Half joking, but there seems to be no other way to know what version you’re getting.

[-]

sparkandstatic@reddit

hey guys any ideas why my model produces these text when streaming. however, once the text finishes it prints normally.

"... contained3` clues"2. -> details. policeara
1.8.confirm isContinue standard feel or since I signalinstructionsF structure high tasks### Group-:filepy**:_6/- is", requested primary outputs very taskRead have me." like all Protocol oneFinal Wal :md do

TEXT

Ken from9 Identification officer0 by, theSourcemdfolders_jgncomp8sourcesLy3dT_.63/7deval/#5:///xk0_69 sell1I by8filezt4hr_2)).ition police5filezt40"

My config.

llama-server -m /home/xxx/storage2/llm_models/unsloth/gemma-4-26B-A4B-it-GGUF/gemma-4-26B-A4B-it-Q8_0.gguf --chat-template-file /home/zj/code_ai/llama.cpp/models/templates/google-gemma-4-31B-it-interleaved.jinja --min-p 0.0 -ngl 99 --host 0.0.0.0 --port 8080

[-]

iamapizza@reddit

Are you on Cuda 13.2, does this affect you? https://www.reddit.com/r/LocalLLaMA/comments/1sgl3qz/gemma_4_on_llamacpp_should_be_stable_now/of5qaex/

[-]

neverbyte@reddit

Since release I've been seeing this issue with Gemma 4 31B. I've created this simple example prompt it will respond with "The tag is not closed: You wrote <body instead of . The tag is not closed: You wrote </html instead of ." Alternatively if I remove the carriage returns from the prompt, it seems to work correctly. If I run an agent it has an existential crisis because it tries to fix these errors unsuccessfully and can't figure out what is going on.

[-]

neverbyte@reddit

I'm curious if others running Gemma 4 31B locally with the latest llama.cpp see the same thing.

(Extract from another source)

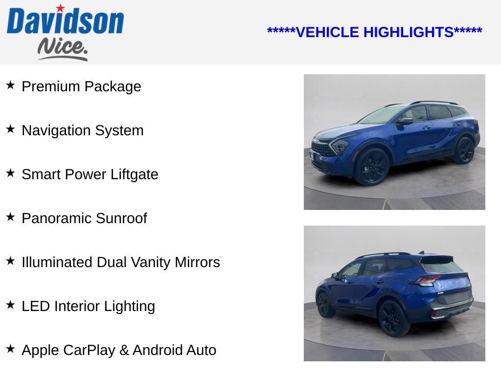 Elevate your driving experience with the captivating 2025 Kia Sportage X-Line. This exceptional SUV boasts a striking blue exterior and a meticulously crafted interior that seamlessly blends style and functionality.

I will say that I can chat with this same model and use it, but the specific test prompt trips up Gemma 4. I get the same behavior on various ggufs btween Q4_0 & BF16.

[-]

AnOnlineHandle@reddit

I'm kind of nervous that the currently amazing 26B quant which has been working for about a week as the best storytelling model I've ever found might break when things are updated, with it perhaps being a fluke of something being broken that it worked this well. :'D

[-]

rakarsky@reddit

Document versions, quants, flags, etc. Isolate it before trying something new so you can always go back.

[-]

AnOnlineHandle@reddit

Hrm since it's in LM Studio I can just see that it's LM Studio 0.4.9 (Build 1), though could maybe also record CUDA versions etc as well.

[-]

SirToki@reddit

running KV cache with Q5 K and Q4 V significantly reduces my token throughput. I get around 30 to sometimes 45 token per second on 31B, depending on context, but if I quantize the cache, it uses my CPU to do the quantization which reduces my token throughput to like 13.

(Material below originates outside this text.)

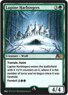 先兆狼群:想要有预示的效果就得6费出,而6费出一个大哥在史迹的标准看来太差了,如果杀戮暴霸龙和阿瓦布照管人这样的顶级6费绿色生物都不能找到自己的一席之地,这群狼也肯定不行。而单看生拍的效果,444敏捷践踏有沃文森异兽,比这个厉害因为能翻面。

Am I misunderstanding something or am I doing it wrong?

[-]

ilintar@reddit (OP)

CPU doing the quantization is weird but you'd have to mention the backend, maybe the proper kernels are not there for your GPU for one of the quants? Anyways, of course if you can fit the context in your GPU without quantizing then do it, there is absolutely no value to running both worse *and* slower quants.

[-]

andy2na@reddit

Confirmed that using Q5/Q4 cache quants will plummet your t/s, avoid, if possible. Went from 70-85t/s with 26B Q8 cache to 16t/s with Q5/Q4

[-]

ilintar@reddit (OP)

Interesting, I wonder which kernel isn't implemented.

[-]

noctrex@reddit

confirm the same happens in my rig.

7900XTX and 5800X3D, as soon as I use mixed quant levels for the KV, the model goes 10 times slower, and all 8 cpu cores are hammered. on both vulkan and rocm. actually happens with any model loaded this way.

[-]

andy2na@reddit

Just rebuilt llama.cpp an hour ago, so not sure whats up. But due to my 16gb VRAM, im only testing 26B with 16k context so the difference between q5/q4 is 100mb vs q8 170mb of VRAM

[-]

ilintar@reddit (OP)

Yeah, I'm using 31B with 150k context and trying to fit in 32GB VRAM :)

[-]

SirToki@reddit

llama CPP, latest pull, built it with CUDA_PATH_V13_1, and ran it with -ctxcp 2 -ctk q5_0 -ctv q4_0 --kv-unified --cache-ram 4096

[-]

ambient_temp_xeno@reddit

We have to manually add that template jinja? >_< Oh well better safe than sorry.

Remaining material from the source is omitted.